*** The records Section Begins ***

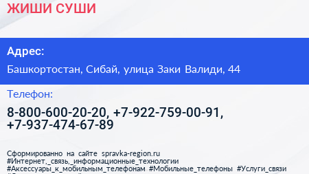 ЖИШИ СУШИ по адресу Башкортостан, Сибай, улица Заки Валиди, 44 в дальнейшем Организация, размещена в следующих категориях:
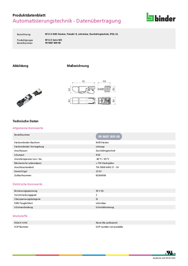 binder 99 9687 809 08-20 Złącze czujnika/aktuatora złącze męskie proste Ilość pinów: 8 1 szt.
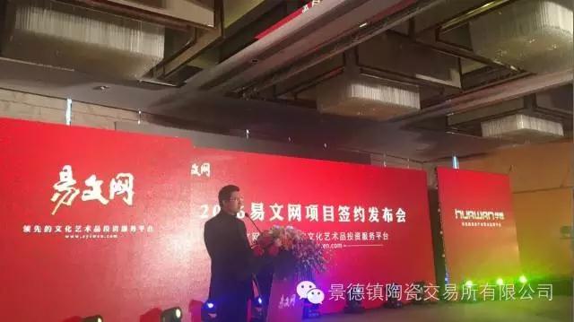 2016年11月26日,景德鎮(zhèn)陶瓷交易所和易文網(wǎng)達(dá)成戰(zhàn)略合作,項(xiàng)目簽約發(fā)布會隆重召開,景德鎮(zhèn)陶瓷交易所執(zhí)行董事周雪淞參加發(fā)布會并發(fā)表講話。
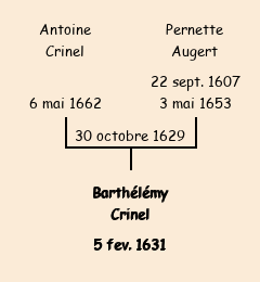Père : Antoine Crinel | Parrain : Barthélémy Crinel (fils de Laurent) |
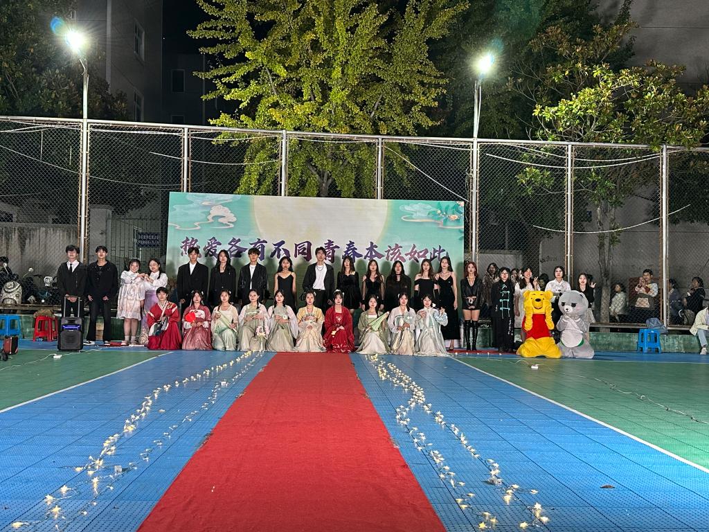 秋风飒爽,音乐奏起;皓月当空,才子佳人。一曲开场《念霜华》拉开活动帷幕,古典与流行交织,绵绻与激昂缠绵。汉服走秀,青衣飘然,明眸皓齿;演员们手握蓝铃,风姿卓约。“风花雪月”四字接唱小游戏,秀场热闹非凡,笑声不绝于耳。衣袂翩翩,清风霁月,动人的舞姿让人难以忘怀。古装走秀古韵犹存,佳人柳腰轻步徐来,带领观众感受华夏千年的服饰之美。现代主题走秀,高潮迭起,靓丽服饰搭配精致妆容,跳动的音符和动感的步伐展现青春活力与魅力,现场欢呼声此起彼伏。锦罗玉衣,引领时尚,活力四射;校礼仪队,黑裙长衣,气宇轩昂,魅力无限。场上流光溢彩,场下掌声雷鸣,共同见证这一缤纷时刻、美好记忆。
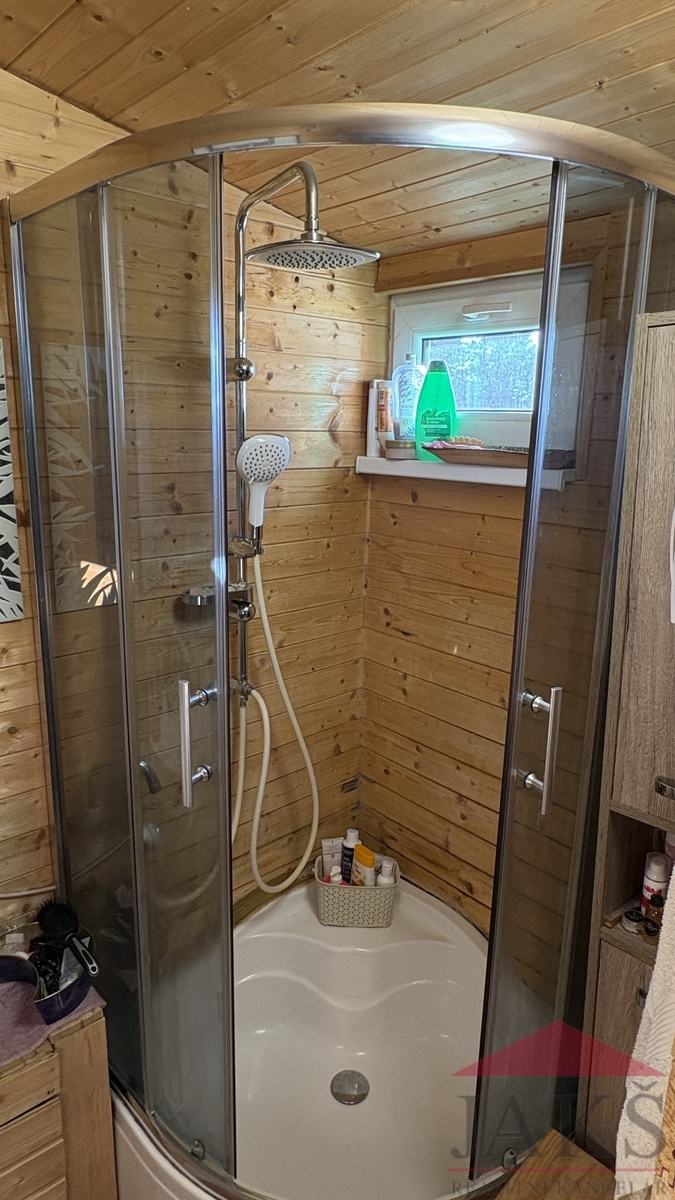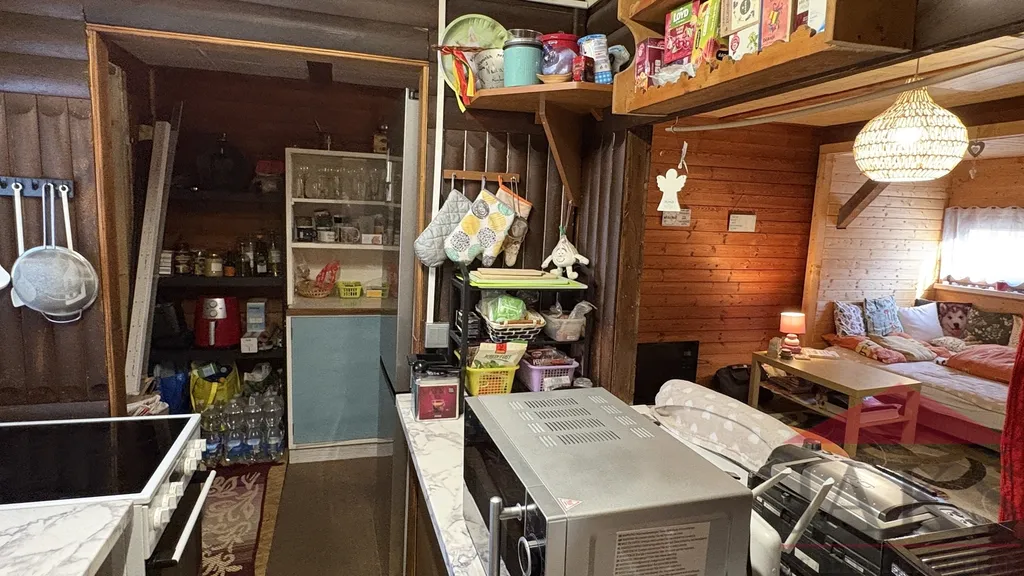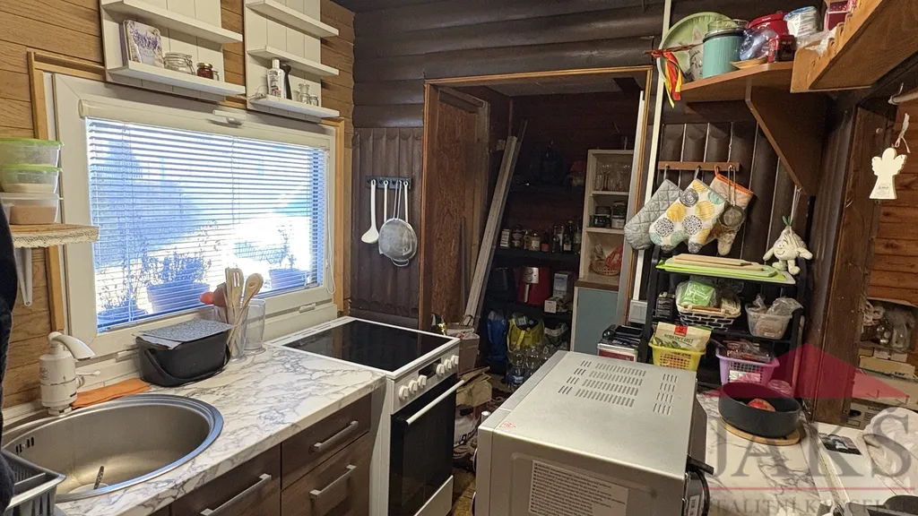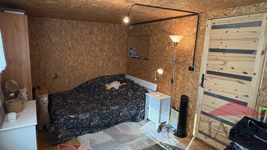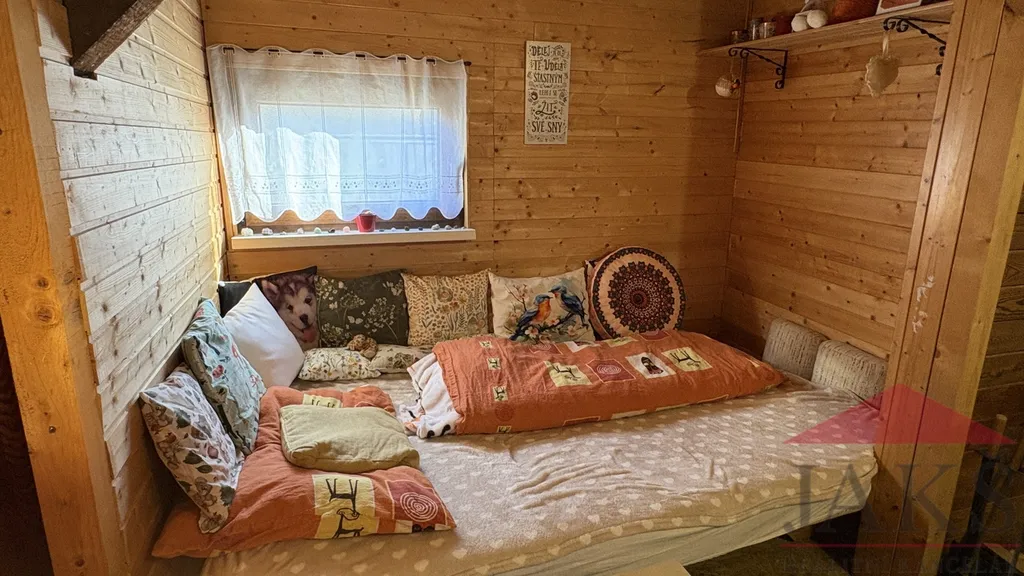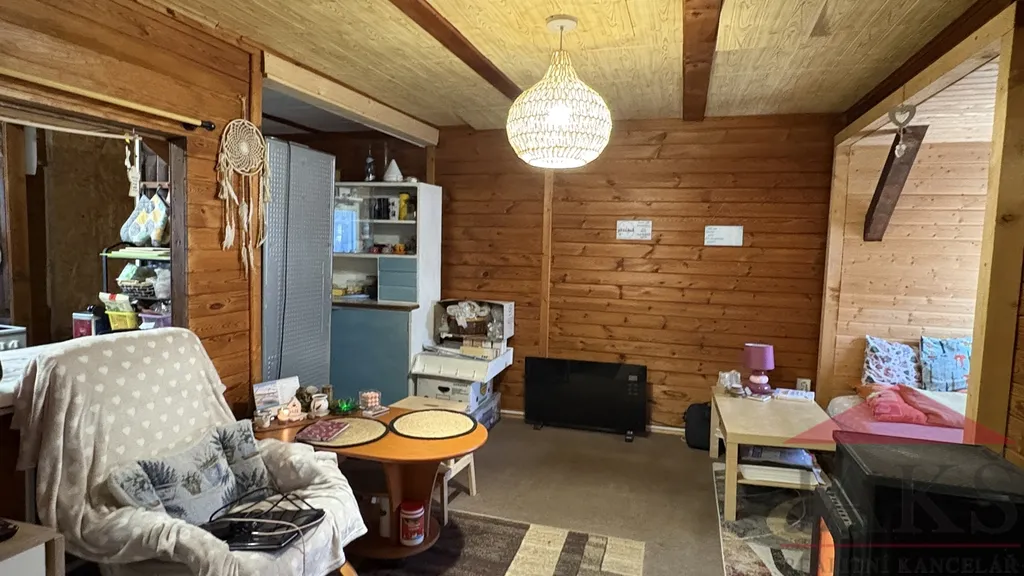 Popis: chodba (pračka a sušička), koupelna (umyvadlo se zrcadlem, sprchový kout, oddělené WC a el. boiler) s oknem, kuchyňský kout (kuch. linka s dřezem, HV troubou se sklo-ker. deskou, MV troubou a lednicí s mrazákem), obývací pokoj (kamna) se spacím koutem a ložnice. Prodej včetně veškerého vybavení vč. nábytku.

*** The records Section Ends ***

Description of the task
Output each record exactly as it appears, but not the pictures.

Reply to the task
 ЖИШИ СУШИ по адресу Башкортостан, Сибай, улица Заки Валиди, 44 в дальнейшем Организация, размещена в следующих категориях:
 binder 99 9687 809 08-20 Złącze czujnika/aktuatora złącze męskie proste Ilość pinów: 8 1 szt.
 2016年11月26日,景德鎮(zhèn)陶瓷交易所和易文網(wǎng)達(dá)成戰(zhàn)略合作,項(xiàng)目簽約發(fā)布會隆重召開,景德鎮(zhèn)陶瓷交易所執(zhí)行董事周雪淞參加發(fā)布會并發(fā)表講話。
Père : Antoine Crinel | Parrain : Barthélémy Crinel (fils de Laurent) |
 秋风飒爽,音乐奏起;皓月当空,才子佳人。一曲开场《念霜华》拉开活动帷幕,古典与流行交织,绵绻与激昂缠绵。汉服走秀,青衣飘然,明眸皓齿;演员们手握蓝铃,风姿卓约。“风花雪月”四字接唱小游戏,秀场热闹非凡,笑声不绝于耳。衣袂翩翩,清风霁月,动人的舞姿让人难以忘怀。古装走秀古韵犹存,佳人柳腰轻步徐来,带领观众感受华夏千年的服饰之美。现代主题走秀,高潮迭起,靓丽服饰搭配精致妆容,跳动的音符和动感的步伐展现青春活力与魅力,现场欢呼声此起彼伏。锦罗玉衣,引领时尚,活力四射;校礼仪队,黑裙长衣,气宇轩昂,魅力无限。场上流光溢彩,场下掌声雷鸣,共同见证这一缤纷时刻、美好记忆。
 Popis: chodba (pračka a sušička), koupelna (umyvadlo se zrcadlem, sprchový kout, oddělené WC a el. boiler) s oknem, kuchyňský kout (kuch. linka s dřezem, HV troubou se sklo-ker. deskou, MV troubou a lednicí s mrazákem), obývací pokoj (kamna) se spacím koutem a ložnice. Prodej včetně veškerého vybavení vč. nábytku.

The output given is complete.